Preceptors’ ratings of student performances were summed for each subcompetency over all of the eligible observation periods. Students’ average scores on each subcompetency from all eligible observation periods were calculated and the aggregate score was used in the factor analysis (n=291) and assessment of each subcompetency’s internal consistency.
Finally, mean competency scores were calculated by averaging individual student subcompetency mean scores. While we were able to distinguish between not observed and unmarked subcompetencies, we could not make that determination at the competency level. There are 2 primary reasons why a competency score was not calculated. First, while a subcompetency may be typically applicable, it may have been marked as “not observed” during an individual student’s practice experience for some reason (eg, no patients were admitted who needed therapeutic monitoring of mood stabilizers in a psychiatric unit). Alternatively, not every subcompetency listed within a competency is appropriate for a specific practice experience, so the competency is unlisted and all its subcompetencies are unmarked (eg, patient medication counseling during an elective administrative research practice experience). Mean competency scores were used for the intercompetency correlation analyses and evaluation of the overall scale’s internal consistency.

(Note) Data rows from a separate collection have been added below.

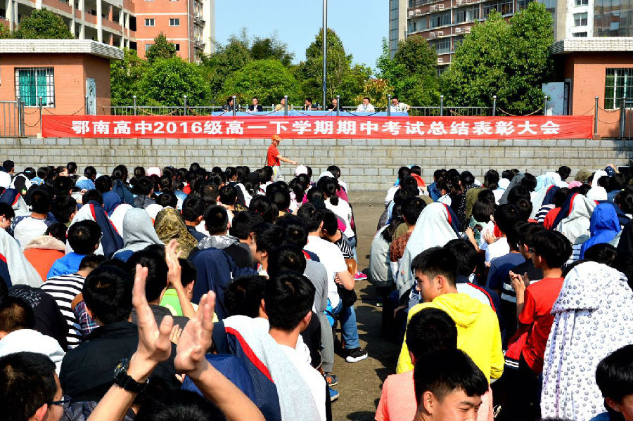 我校2016级高一年级下学期期中考试总结表彰大会掠影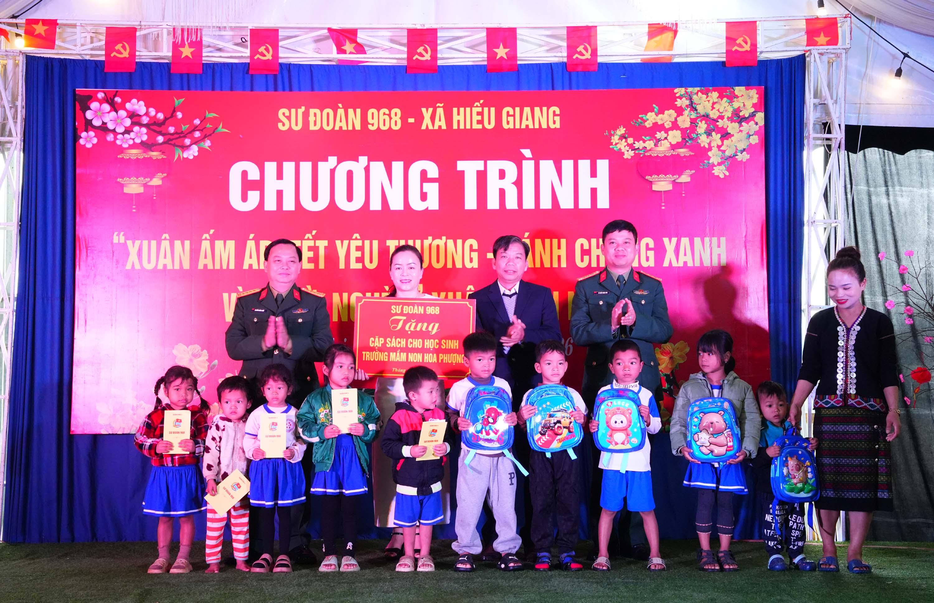 Lãnh đạo xã Hiếu Giang và Sư đoàn 968 trao quà cho các em học sinh có hoàn cảnh đặc biệt khó khăn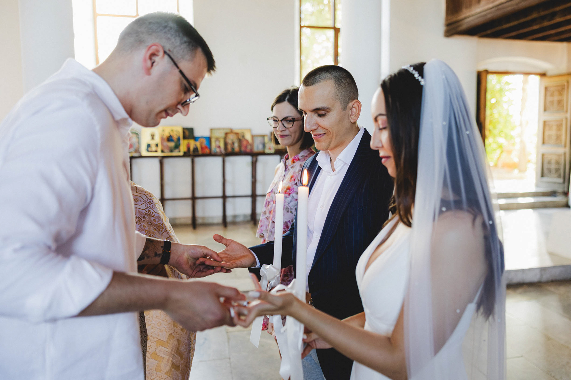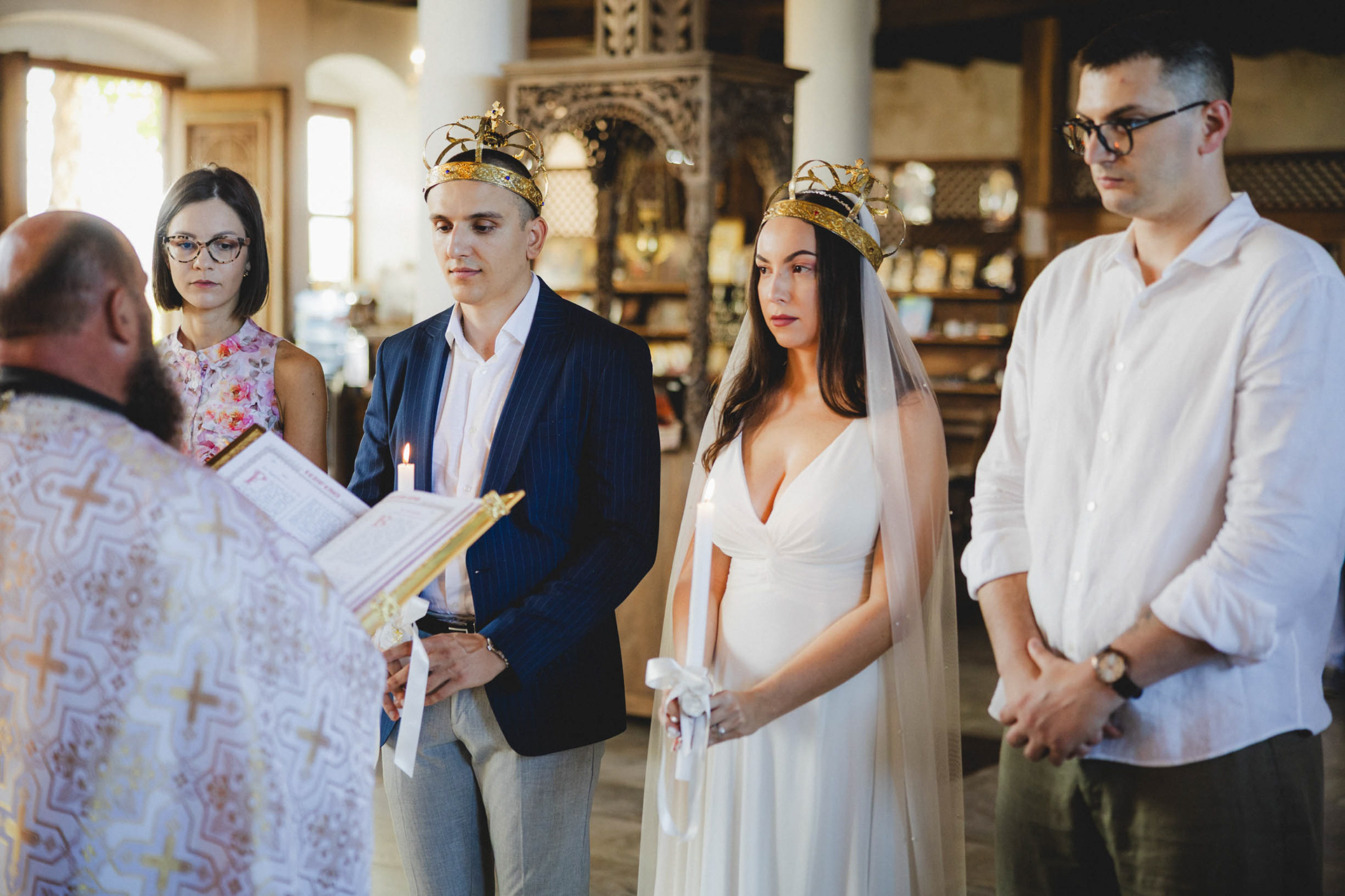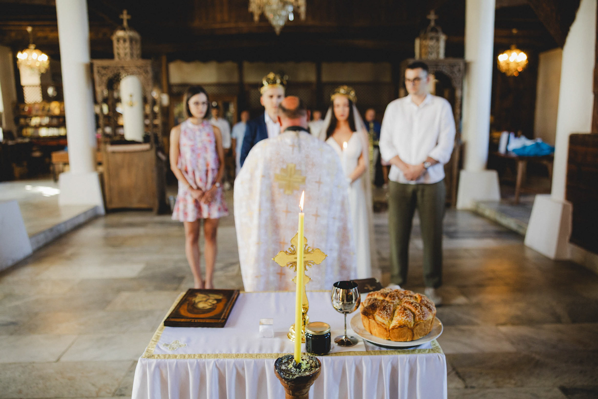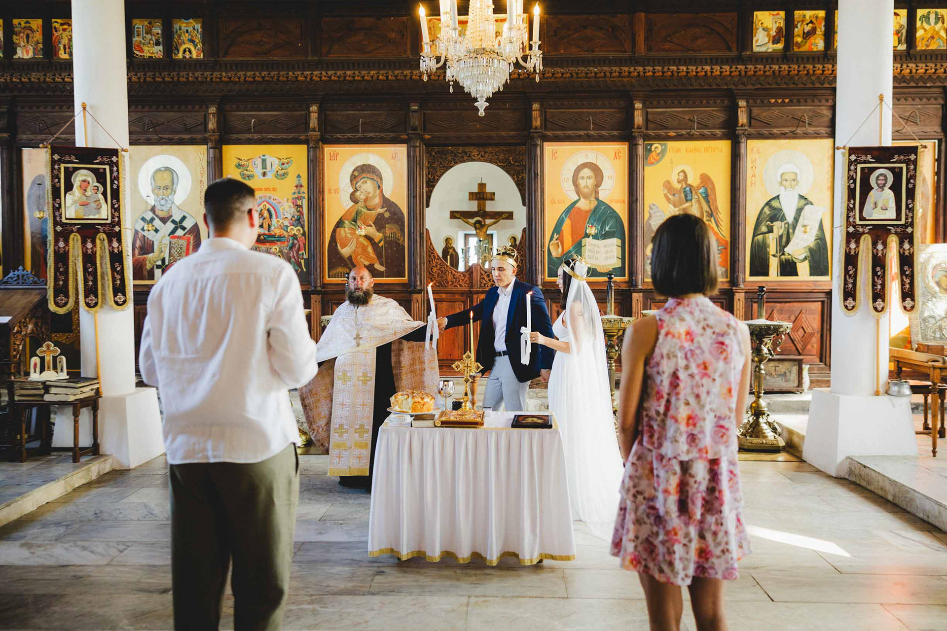 Венчавката в старата църква на Царево носи особен дух. Разположена на скалистия нос, църквата 'Св. Успение Богородично' е притихнал свидетел на техните обещания, докато морето разказва своята история на заден фон.

Construct validation requires that items representing a unidimensional competency load on the same factor and that items from 2 different competencies load on 2 different factors. To test if this compulsory condition was met, subcompetencies from 2 competencies were paired and subjected to a single factor analysis to determine if: (1) each of the competency pairs revealed 2 unidimensional factors, and (2) subcompetencies hypothesized to represent a specific competency loaded on the appropriate factor. In other words, subcompetency items that represent competency 1 should all load on factor 1 and subcompetency items that represent competency 2 should all load on factor 2. Sufficient pairs were formed to represent all possible combinations (eg, competency 1 vs competency 2, competency 1 vs competency 3, competency 2 vs competency 3, and so forth) from the 13 competencies (n=78 pairs). Principal components factor analysis with varimax rotation was conducted for each competency pair. Items with rotated factor loadings greater than 0.40 were examined as candidates for inclusion in new factor(s). The internal consistency of each competency derived from the factor analyses was evaluated using Cronbach alpha.16
Given the number of comparisons, the a priori level for rejecting the null hypothesis was adjusted to alpha=0.01. Data were analyzed using IBM SPSSv19.0. The SUCCESS evaluation program was approved by the University of Florida Institutional Review Board.
RESULTS
Students enrolled in the College of Pharmacy at the University of Florida were required to participate in 11 four-week APPEs. During the 2009-2010 APPEs, preceptors evaluated 30 567 of 41 613 competencies (73.5%) and 196 819 of 336 237 potential subcompetencies (58.5%) among the 291 students. Just over 42% of the practice experiences qualified as required according to Accreditation Council for Pharmacy Education (ACPE) Standards, and nearly 58% were elective practice experiences. Clinical ambulatory was the largest proportion (44.4%), followed by clinical inpatient (38.6%) and nonclinical practice experiences (17.0%). The 3 most frequently occurring practice experiences were ACPE-required community practice (10.8%), internal medicine (11.2%), and ambulatory care (11.6%). At the time, drug information also was required by the college, but not by ACPE. Just over 10% of the practice experiences were for drug information or advanced drug information.
Construct Validity
Of the postulated 78 pairs, 56.4% (n=44) demonstrated a unique factor for each member of the pair, indicating discriminant validity (Table 1). Moreover, in keeping with the strictest criteria, there was no “crossover” of individual subcompetency items across these pairs (convergent validity).
Table 1.
Construct Validity Using Factor Analysis to EvaluateC and Discriminant Validity of Sub-Competency Items and Competency Statements and Zero Order Correlations among SUCCESS Competencies (n=291)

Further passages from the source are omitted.